他觉得痒,忍不住缩了缩脖子,这一缩整个人都钻到了穆远怀里,感觉自己像是陷入了一处,他突然一回头,侧脸就贴上了穆远的下颌。
穆远身上的温度完全包裹着他,他被人抱了个满怀。
从来没有人会这样抱着他,自他记事以来,从来没有。
闫慎怔怔的望着,他是蜷缩着身子的,要比坐着的穆远低一些,他看不见穆远脸上的神色,只能看见他棱角分明的下颌,再往下是有点泛红的脖颈,再往下……他看见穆远的喉结滚动了一下。
他垂眼看了会儿,眼神混沌又迷离,竟然毫无征兆地凑近用鼻尖蹭了蹭。
穆远陡然僵住,脖颈处既有呼吸的温热,也有鼻尖划过的冰凉,一冷一热混杂着,心跳和呼吸都失了章法,微颤的指尖勾着闫慎的发丝攥了紧。
闫慎的鼻尖轻轻地拨弄着他最敏感的那寸皮肤,穆远茫然一低头,就看到他鼻梁上淡淡的小痣,羽睫半阖着,睫毛看起来潮潮湿湿的。
如果说方才有想要推开的冲动,现在穆远的心一下子就软成一滩水。
穆远明白闫慎心里不好受,想着他还小,就是想蹭蹭抱抱脖子,和小孩一样的。
许是蹭错了位置不小心蹭到了喉结……那要不就依着罢,毕竟闫慎这么别扭的人,很少会这个样子,若是没得到应有的回应,以后就可能又会把自己封闭起来。
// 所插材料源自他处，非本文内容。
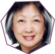
Tisa Ho Hong Kong Arts Festival
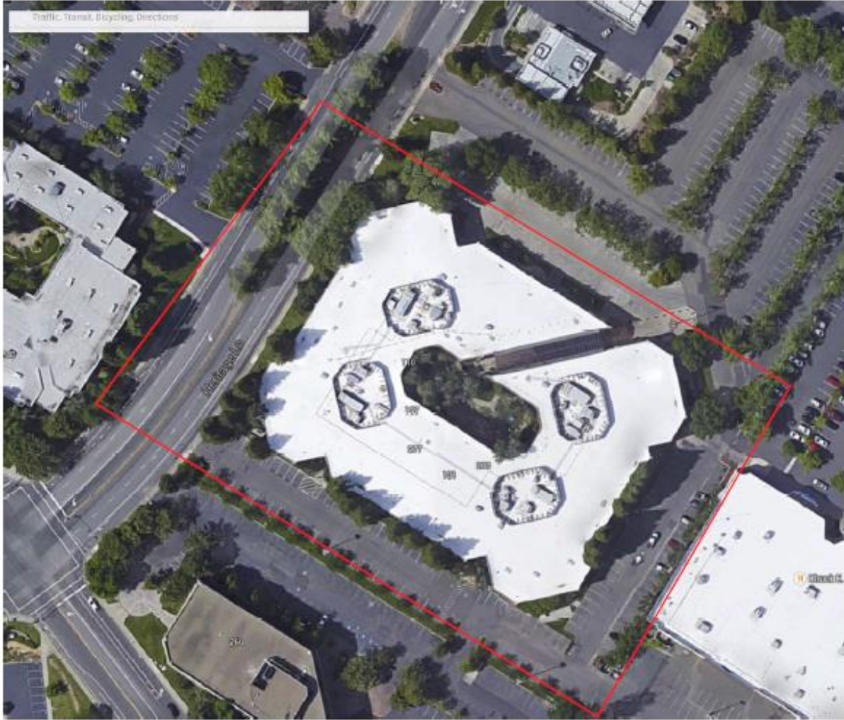
Sacramento Campus Clery Geograpy Map

1610 Arden Way, Suite 110 Sacramento, CA 95815. The area outlined in RED represents the Sacramento College Campus.

他忍着浑身的燥热和酥麻,没有后退,而是稍微侧了侧脖颈,他真觉得闫慎是想抱他脖颈。
闫慎脑子昏昏的,感觉鼻尖错开了喉结落了空,他望了片刻,眉心皱成一团,心里上了火,竟然有些负气地偏头寻了去!
他一寻到就抬起下颌,快要噙上去的一瞬,穆远震惊地唤了声“大人”,下意识猛然向后退,连着起身都有些狼狈。
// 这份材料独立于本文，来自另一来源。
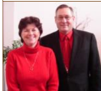
President of MAP
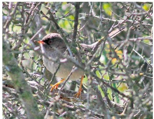
416 Pacific Loon / Pacifische Parelduiker Gavia pacifica , first-summer, Farsund, Vest-Agder, Norway, 12 July 2015 (Tor Olsen) 417 Namaqua Dove / Maskerduif Oena capensis , female, Safia, Oued Dahab, Morocco, 22 May 2015 (Abdeljebbar Qninba) 418 Cedar Waxwing / Cederpestvogel Bombycilla cedrorum , Tیره, Argyll & Bute, Scotland, 10 June 2015 (Keith Gillon) 419 Swainson's Thrush / Dverglijster Catharus ustulatus , Skokholm, Pembrokeshire, Wales, 4 June 2015 (David Aitken) 420 Black-headed Bunting / Zwartkopgors Emberiza melanocephala , female, Krynica Morska, Pomerania, Poland, 4 June 2015 (Andrzej Kośmicki) 421 Marmora's Warbler / Sardijnse Grasmus Sylvia sarda , male, Grenen, Nordjylland, Denmark, 4 June 2015 (Rune S Neergard)

闫慎本来是靠在他怀里的,身子突然失了倚靠,一手撑在地上才不至于倒下,他抬眼望向穆远,眼底一片愤愤,抿唇咬牙了半晌,眼眶蓦然红了。
穆远也没好到哪去,站着呼吸也平复不下来,浑身的血都在倒流,脸像是被火燎着烫,登时背脊就出了汗。
可看着闫慎红了的眼眶,他想自己是不是反应太大了……他心里一紧,又连忙上前去扶他,可刚一探出手,闫慎抽了几下鼻子,眯着发红的眼,泄愤似的扣住他的手一口就咬了上去!
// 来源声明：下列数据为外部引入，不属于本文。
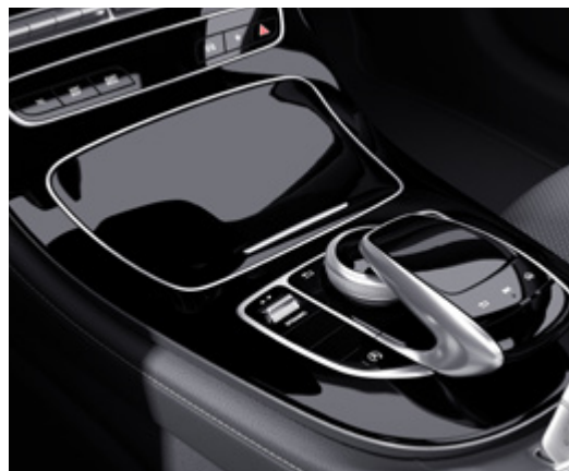
ARTICO man-made leather / DINAMICA microfibre black (651A) | Centre console in black piano-lacquer look (728)
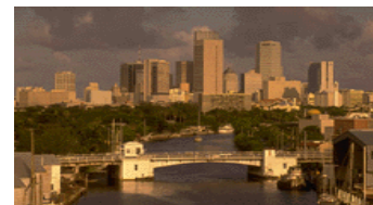
Patients may want to see a new city!

Creating a life plan takes personal reflection about goals and what a person wants to achieve. This is not an easy process, but it can be a fulfilling and rewarding journey. To help patients get started, staff may want to start with the sample questions below. Asking these questions helps remind patients of positive and successful situations in their lives. Recalling successful times can provide the self-motivation and empowerment needed to create goals and a plan to achieve them. 2
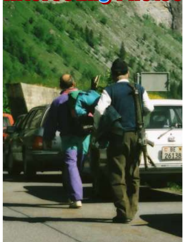
Swiss citizen taking his "assault rifle" to the shooting range on a Sunday morning.
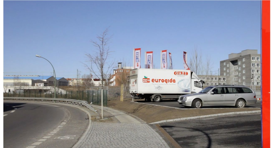
A Brief Report on Ellen-Epstein-Straße 2012 Single-channel HD video, stereo sound Sound: Mika Vainio Installation dimensions variable NTSC, 4:00 (Image: 2 video stills)
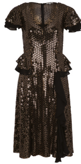
Sequin embroidered cocktail dress 69,95 €
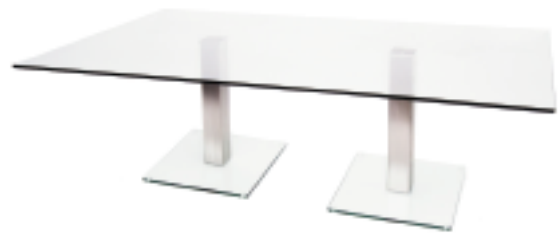
1500x900mm top with legs finished to stainless steel
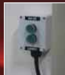
Push Button Control

闫慎的耳尖还是红的,呼吸愈发粗重,他脑子沉沉的,多少次失态都是在这人面前,他也不知道自己怎么会这样,越是不明所以,就越会难以自控;越是心急如焚,就越委屈难过。
而且刚刚他还把他推开了……
他怎么能把他推开!
他从没喜欢过什么人,连喜欢的东西也就只有那么几件。
他现下辨不清这是一种怎样的感情,他只是觉得一旦穆远没有给他回应,心脏就会像是被麻绳拧着般难受。
思及此处,口齿下的力度愈发地大。
穆远知道闫慎生气,一动不动没有抽出胳膊,可还是疼得忍不住咬牙闷哼一声。
这一声下来,闫慎突然松了口,但他仍旧埋头叼着,等把眼泪都忍回去了,才放下了手坐直身子,转过了身去。
穆远半跪在他身侧,他虽然心里也如堕烟海,却没问闫慎为什么会这样做。
因为对一个敏感的人不留余地地追问,会让他无地自容的,他如此,闫慎亦是如此。
两个人都不约而同地对刚才的事情缄口不言。
嘴上不说,穆远心里简直是天人交战,闫慎就是讨要个抱而已,自己至于反应那么大吗!
他悄悄看了眼闫慎,都说面由心生,闫慎侧脸轮廓宛如刀刻,硬朗分明,端的是一副清心寡欲、端方守己的长相,而且他还小,绝对不可能有什么别的心思。
所以归根结底还是自己思想龌龊了。
一想到是自己的问题,穆远愈发头疼懊悔了,他发现闫慎难过了喜欢蹭着人,他让人家蹭蹭抱抱又怎么了!这该死的身体反应!他简直要抓狂!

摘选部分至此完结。